Потом ему в голову пришла новая мысль. Легко шагая и что-то бодренько насвистывая, он спустился вниз, подошел к клюющему носом портье.
— Добрый вечер, — вполголоса сказал он на пробу.
Портье коротко, крупно сотрясся и уставился на него — в первый миг бессмысленно, ничего не понимая, но уже через мгновение вспомнив, кто он, где и зачем.
— Добрый вечер.
Корховой показал ему аккредитационный бэджик и просительно проговорил:
— Не подскажете, в каком номере поселился Журанков Константин Михайлович? Мы договорились об интервью, но, когда из автобуса выходили, потерялись как-то…
— Поздновато для интервью, товарищ, — проговорил портье.
Корховой улыбнулся.
— Любви все возрасты покорны, а работе — все часы суток, — примирительно сказал он.

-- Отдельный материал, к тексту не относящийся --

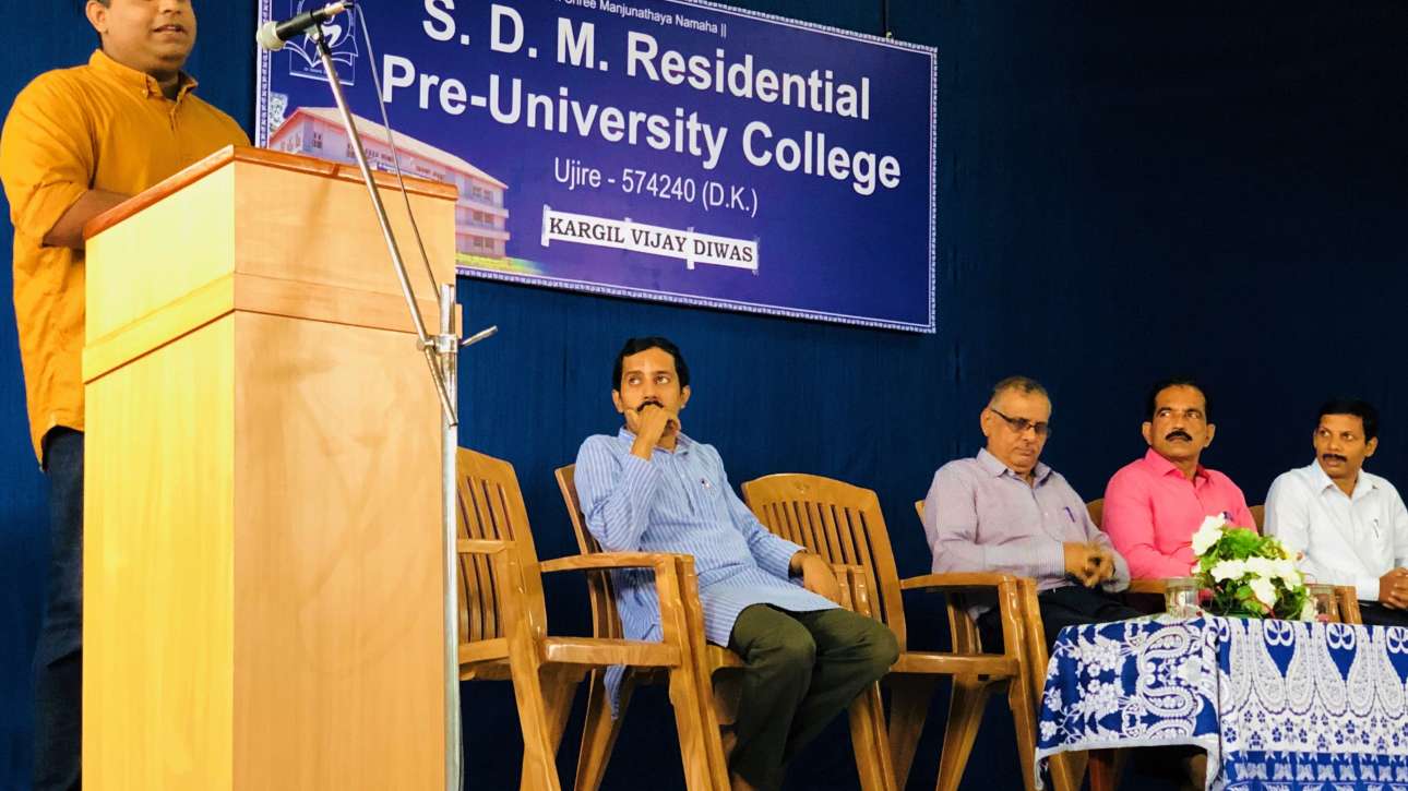 Mr. Achyuth Kamath Lecturer SDM College Ujire delivered a talk to mark the occasion Kargil Vijay Diwas in SDM Residential PU College Ujire on 26 July 2019. He cherished his experience about his visit to Kargil and talked about soldiers’ sacrifice for India. IIPU students performed a dance to show their respect to Nation and Jawans. Dr.T.Krishnamurthy Principal, Sunil Pandit, Manish Kumar were seen on the stage.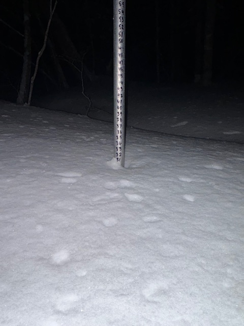 3” past 24 hrs from yesterday’s little fluffer at 1,500ft. Depth 31” at base of Mansfield. Snowpack is solid and robust even at that 1500ft elevation making great skiing to the road/108.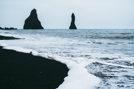 Famous view on Reynisfjara beach in Iceland. Black sand and white foam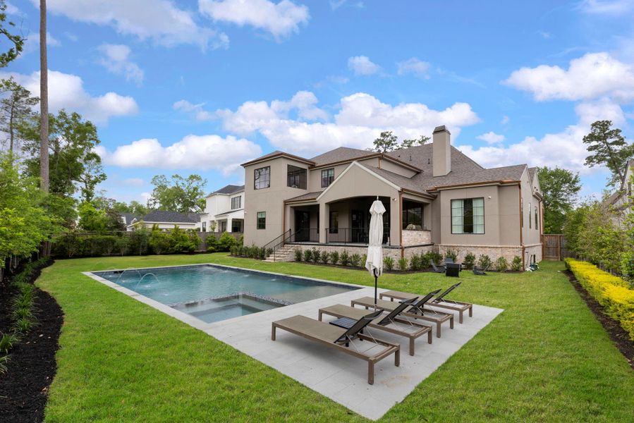 Located in the gated community of Woodlands Reserve, this sophisticated better than new Frankel custom offers 5 bedrooms & 6 full baths w/thoughtfully designed living spaces & high-end finishes throughout. The chef’s kitchen features an oversized island w/marble countertops, custom cabinetry, professional-grade appliances & direct access to the butler’s pantry & bar—ideal for entertaining. Full Wolf/Sub-Zero appl package. Stunning living room showcases vaulted ceilings, built-in shelving & a sleek fireplace, opening to large sliding doors that blend indoor & outdoor living. The private primary suite offers a spa-inspired bath w/soaking tub, walk-in marble shower & separate his-and-her vanities. Upstairs + downstairs game rooms offer flexible spaces provide room for family & guests. Resort-style pool, expansive backyard & covered outdoor living area w/full outdoor kitchen overlooking the pool. Complete w/ 2 utility rooms & located in one of The Woodlands’ premier gated communities.

Портье повел глазами по своим кондуитам, прячущимся под стойкой. Корховому казалось, он никогда не ответит. Но портье все же ответил. Корховой благодарно ему кивнул и пошел наверх.
Теперь он, не дыша, некоторое время стоял у двери Журанкова. Ему было уже все равно, увидят его или нет. Сквозь хлипкую, как папиросная бумага, советскую дверь отчетливо слышно было, как негромко, мягко толкует о чем-то Журанков и время от времени коротко, удивительным своим голосом, от которого у Корхового все холодело внутри, отвечает ему Наташка. Конкретной трухи слов не разобрать, конечно; жили только сами голоса — вились один вокруг другого, вступали в отношения. Беседуют. Нет, вроде просто беседуют. Зацепились.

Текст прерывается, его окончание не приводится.